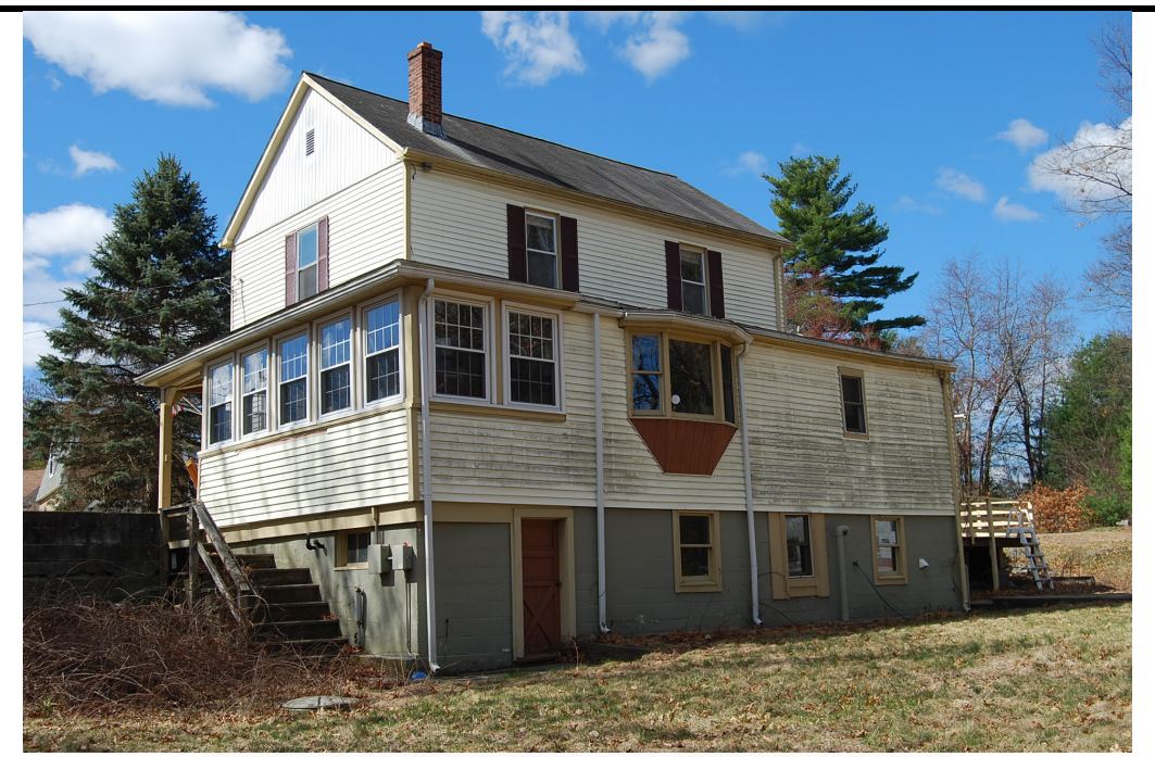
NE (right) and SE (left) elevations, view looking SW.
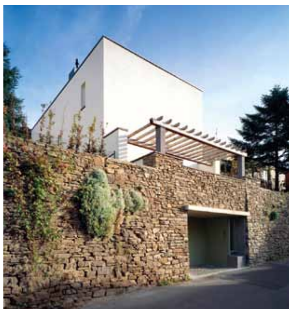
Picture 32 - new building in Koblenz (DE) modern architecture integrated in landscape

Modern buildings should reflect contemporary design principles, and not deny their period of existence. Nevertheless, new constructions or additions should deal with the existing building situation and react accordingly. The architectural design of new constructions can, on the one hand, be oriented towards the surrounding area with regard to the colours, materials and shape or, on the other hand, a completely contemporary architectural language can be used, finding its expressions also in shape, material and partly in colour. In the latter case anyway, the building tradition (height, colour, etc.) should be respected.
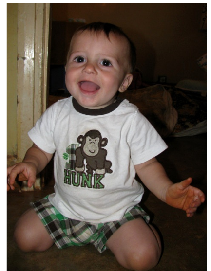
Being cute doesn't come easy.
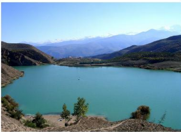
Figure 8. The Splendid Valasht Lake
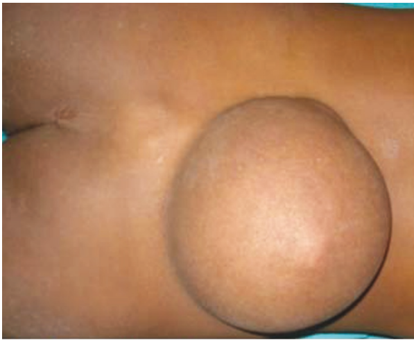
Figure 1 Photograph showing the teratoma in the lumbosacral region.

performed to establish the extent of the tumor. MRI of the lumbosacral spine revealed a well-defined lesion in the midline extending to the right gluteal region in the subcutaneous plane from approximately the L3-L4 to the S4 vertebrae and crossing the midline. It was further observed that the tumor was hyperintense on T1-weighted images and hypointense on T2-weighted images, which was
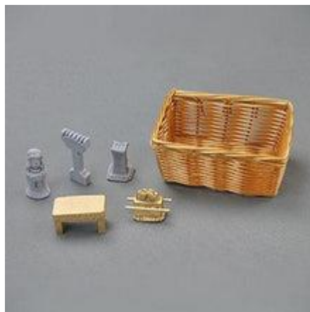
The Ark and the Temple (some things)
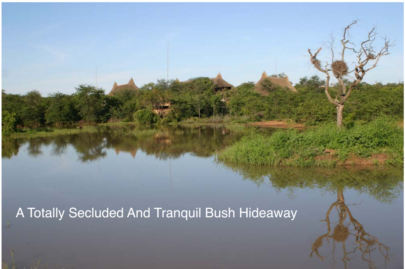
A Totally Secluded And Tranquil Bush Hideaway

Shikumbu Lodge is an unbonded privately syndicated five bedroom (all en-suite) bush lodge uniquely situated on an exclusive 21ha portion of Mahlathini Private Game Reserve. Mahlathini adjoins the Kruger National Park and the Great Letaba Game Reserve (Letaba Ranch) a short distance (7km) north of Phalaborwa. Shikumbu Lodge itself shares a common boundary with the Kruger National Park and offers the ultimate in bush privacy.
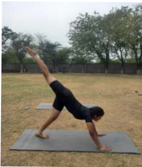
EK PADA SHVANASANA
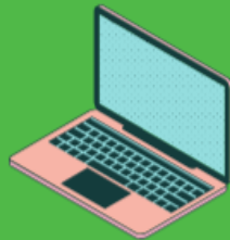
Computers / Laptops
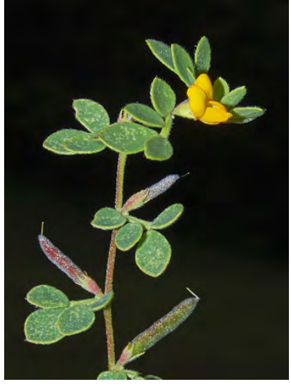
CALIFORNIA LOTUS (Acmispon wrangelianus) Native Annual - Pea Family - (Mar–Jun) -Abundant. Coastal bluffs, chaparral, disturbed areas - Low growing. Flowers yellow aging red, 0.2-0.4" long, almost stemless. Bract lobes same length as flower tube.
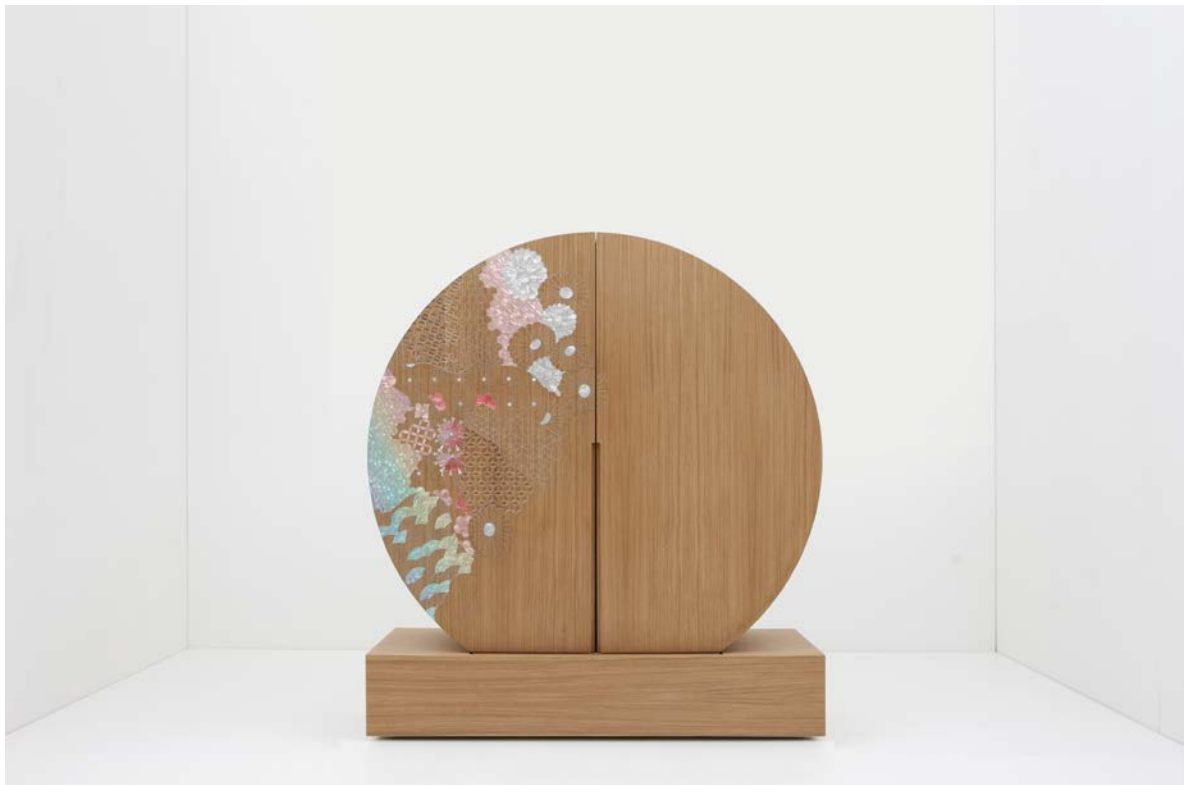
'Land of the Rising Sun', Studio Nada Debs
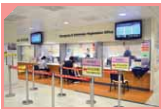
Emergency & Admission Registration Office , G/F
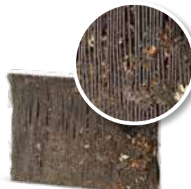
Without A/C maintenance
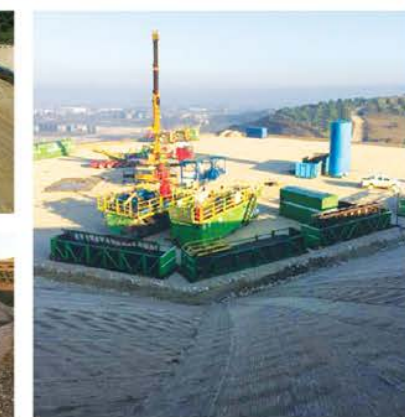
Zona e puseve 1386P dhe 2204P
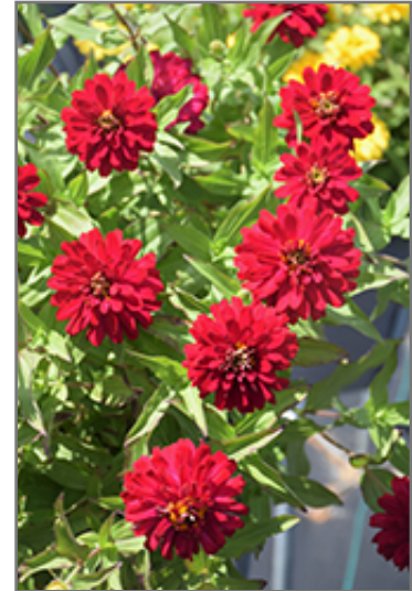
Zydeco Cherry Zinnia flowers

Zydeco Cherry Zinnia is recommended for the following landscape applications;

--

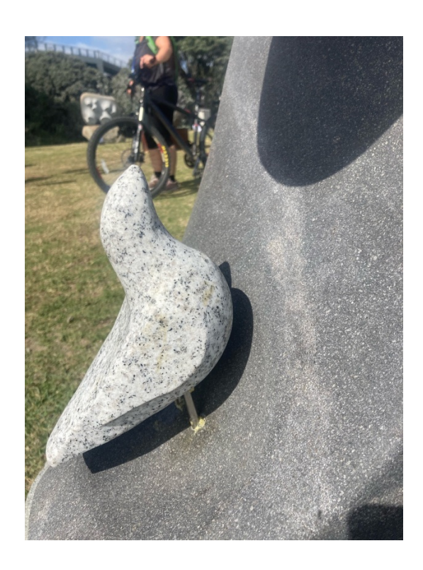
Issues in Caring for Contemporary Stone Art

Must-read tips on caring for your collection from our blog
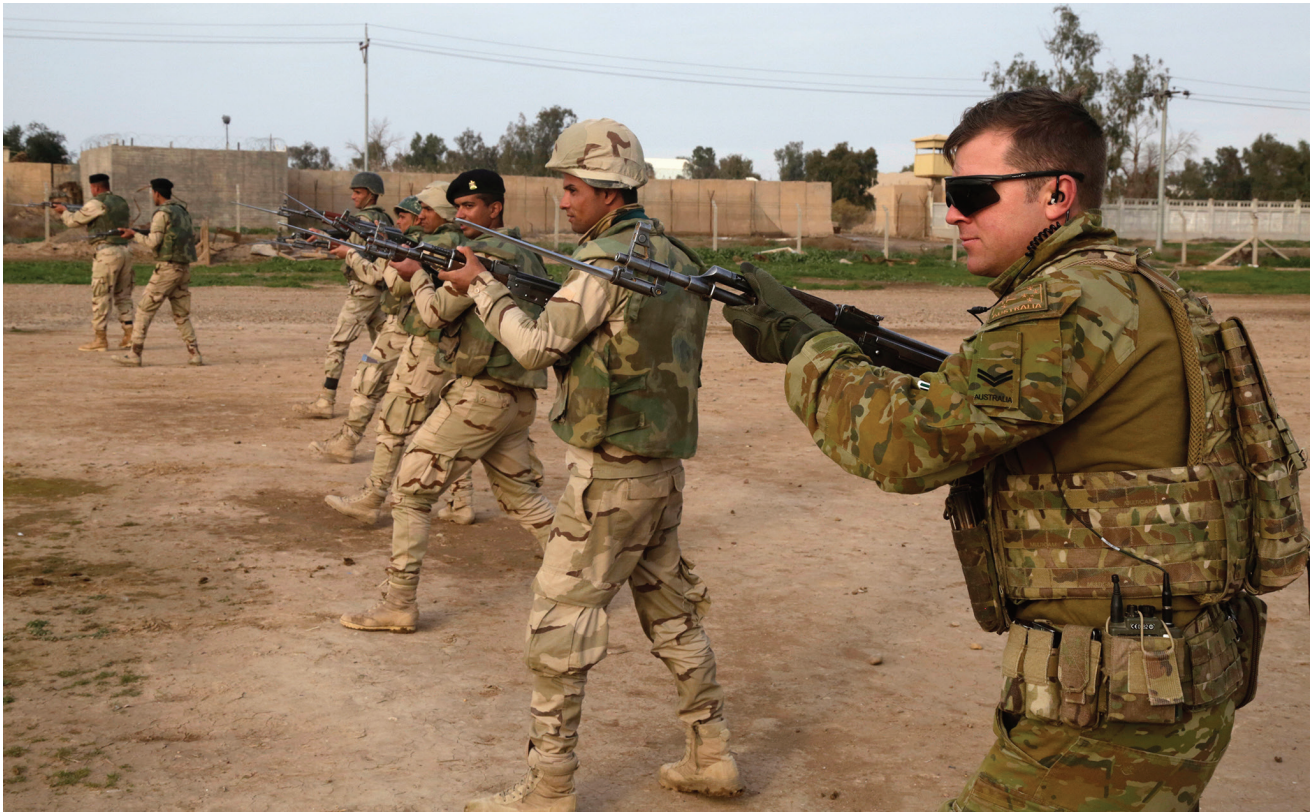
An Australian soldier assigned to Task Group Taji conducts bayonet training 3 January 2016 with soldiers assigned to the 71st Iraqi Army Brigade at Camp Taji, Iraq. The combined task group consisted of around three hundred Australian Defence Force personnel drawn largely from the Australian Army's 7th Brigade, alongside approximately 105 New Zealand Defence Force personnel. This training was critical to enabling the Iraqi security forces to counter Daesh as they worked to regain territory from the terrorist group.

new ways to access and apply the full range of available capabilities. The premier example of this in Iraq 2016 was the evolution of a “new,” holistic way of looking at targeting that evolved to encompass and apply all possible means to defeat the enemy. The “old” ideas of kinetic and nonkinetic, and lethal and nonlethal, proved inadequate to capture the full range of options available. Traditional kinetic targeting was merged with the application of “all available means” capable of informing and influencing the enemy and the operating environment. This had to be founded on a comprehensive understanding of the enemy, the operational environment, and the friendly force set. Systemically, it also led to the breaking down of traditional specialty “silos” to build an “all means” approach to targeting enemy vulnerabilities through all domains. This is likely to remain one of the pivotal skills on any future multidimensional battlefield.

[Exercise description]:
Once the line with "NE (right) and" has been found above, output that line and every later line exactly, stopping after the line with "Picture 32 - new", and omit the pictures.

[Reply to the exercise]:
NE (right) and SE (left) elevations, view looking SW.
Picture 32 - new building in Koblenz (DE) modern architecture integrated in landscape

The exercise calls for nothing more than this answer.